Provided entries —

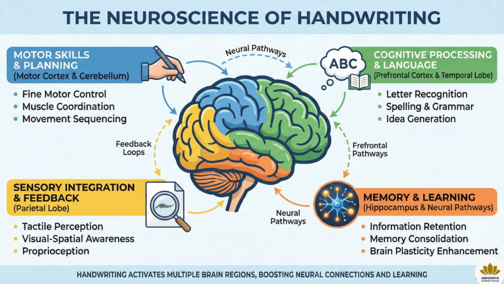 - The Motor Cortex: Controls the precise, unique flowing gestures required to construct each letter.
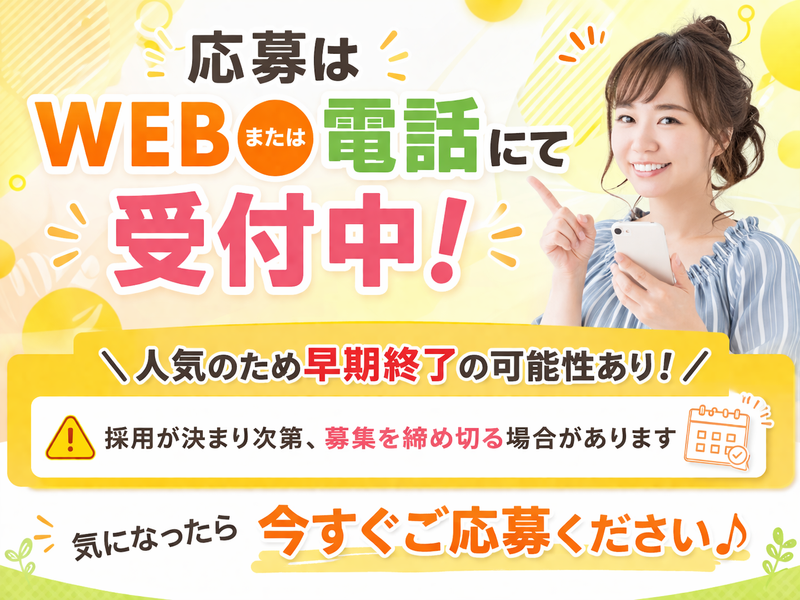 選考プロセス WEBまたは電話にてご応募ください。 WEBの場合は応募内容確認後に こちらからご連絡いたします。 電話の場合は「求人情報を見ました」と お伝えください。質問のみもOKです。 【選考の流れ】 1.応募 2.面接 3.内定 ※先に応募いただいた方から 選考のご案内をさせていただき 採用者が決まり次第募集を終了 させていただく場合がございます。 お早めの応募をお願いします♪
--
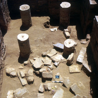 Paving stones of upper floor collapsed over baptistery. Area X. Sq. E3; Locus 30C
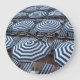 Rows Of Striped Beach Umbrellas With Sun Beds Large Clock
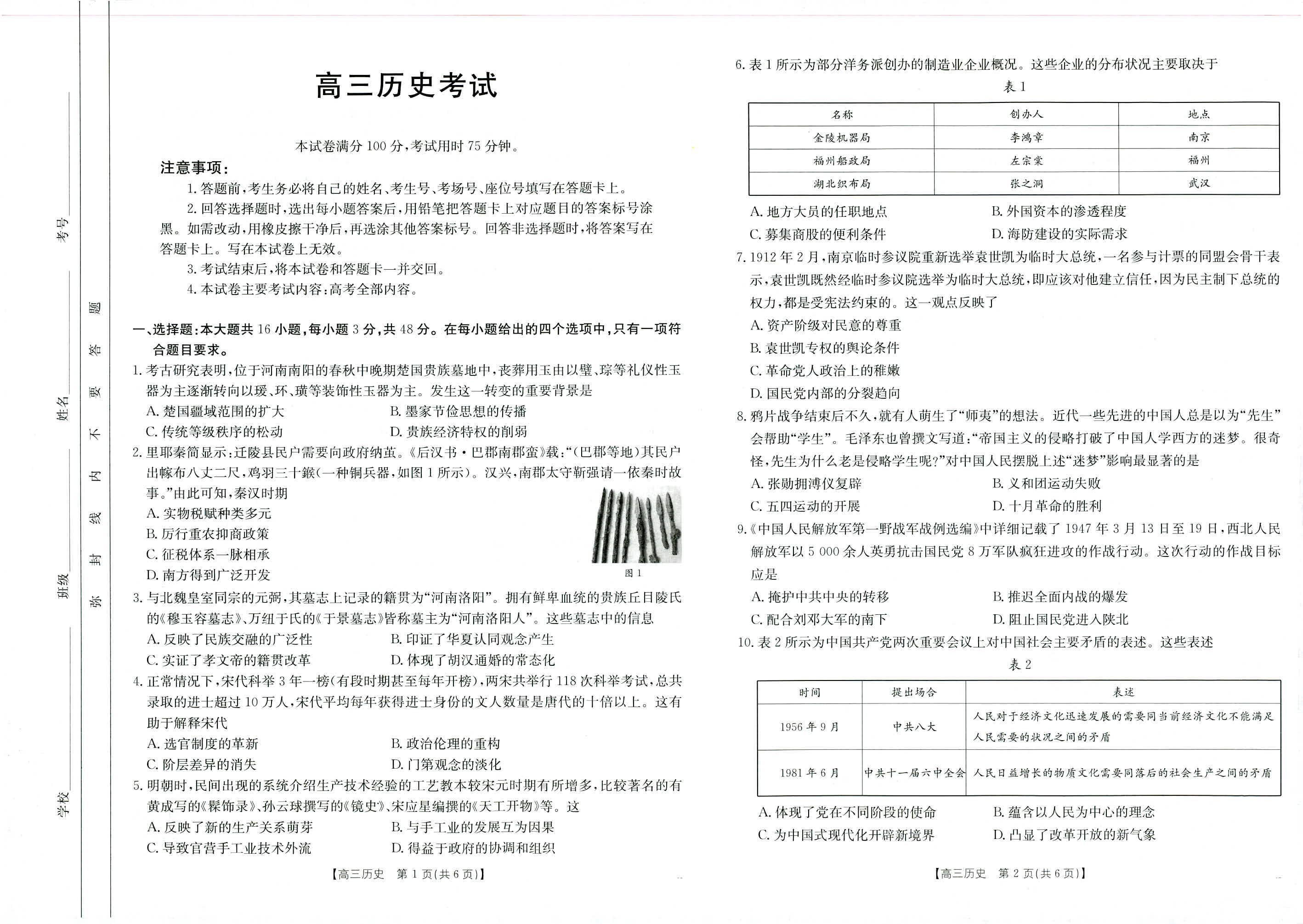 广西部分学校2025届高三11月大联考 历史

How to complete this task — Extract from the material above the stretch running from the line containing "- The Motor" through the line containing "選考プロセス WEBまたは電話にてご応募ください。 WEBの場合は応募内容確認後に". Keep the text exact and the pictures out.

Task output —
 - The Motor Cortex: Controls the precise, unique flowing gestures required to construct each letter.
 選考プロセス WEBまたは電話にてご応募ください。 WEBの場合は応募内容確認後に こちらからご連絡いたします。 電話の場合は「求人情報を見ました」と お伝えください。質問のみもOKです。 【選考の流れ】 1.応募 2.面接 3.内定 ※先に応募いただいた方から 選考のご案内をさせていただき 採用者が決まり次第募集を終了 させていただく場合がございます。 お早めの応募をお願いします♪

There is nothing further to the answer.